Made me want to like, talk to her, make her laugh...but im a pretty anxious person myself, and really dont know how people see me. I assume people see me as how i see other quiet people. But you can tell if they are quiet and annoying as opposed to quiet, yet confident on the inside...somehow...Being quiet, but NOT being all weird and rebellious...ya....thats it.

Im thinking that you have introverts who are naturally quiet, and then extroverts who are quiet, but extroverted if you get to know them...I knew this kid in highschool who i thought was weird as fuck the first year he was there, because he didnt say shit, being a new student. Then during a lab class he was in my group of 3, and we found out that this kid was cool as fuck, and an ENTP. Then he became super popular, not "popular" like the dumb label, but "popular" as in, everybody liked him. We used to fukin just sit in the library and make up these hilarious scenarios and shit, and this kid had an overpowered intuition...good times.

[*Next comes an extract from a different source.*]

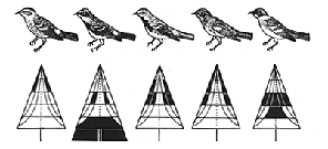 distinguished, MacArthur found that each warbler species divided its time differently among various parts of the tree. The Cape May, for instance, stayed mostly toward the outside on the top, the Bay-breasted fed mostly around the middle interior, while the Yellow-rumped moved from part to part more than either of the other two. This is shown in the accompanying diagrams, in which the zones that contained 50 percent of the birds' feeding activity are blackened. MacArthur also recorded details of the warblers' foraging habits and discovered that they differed too. For example, the Cape May warbler hawks flying insects much more often than does the Blackburnian and tends to move vertically rather than horizontally (matching its tendency to remain on the outside of the tree). The Black-throated Green hovers much more than the Bay-breasted, and the more variable Yellow-rumped has the most varied feeding habits. In addition, MacArthur found evidence that food shortage limited the size of the warbler populations. Overall, MacArthur concluded that "the birds behave in such a way as to be exposed to different kinds of food." They also have somewhat different nesting times, and thus the times of their peak food requirements are not the same. They are partitioning a limiting resource -- their supply of insects, and, in the process, occupying different niches. |

I see it as a challenge almost to talk to these people, figuring out what they're all about, and i enjoy talking to them. I assume that this is why random people come up to me and talk to me, or make me their friend, even though i don't say much back. In high school i had a bad case of social anxiety, but I was still considered "cool"...I guess only an ENTP could play the "cool quiet kid" character...ALLITERATION

So ya, how do you act around these quiet and strangely interesting, anxious people? And have you ever helped them to open up? That was like, my main role in high school, to help the weird ass mutherfuckers become accepted haha.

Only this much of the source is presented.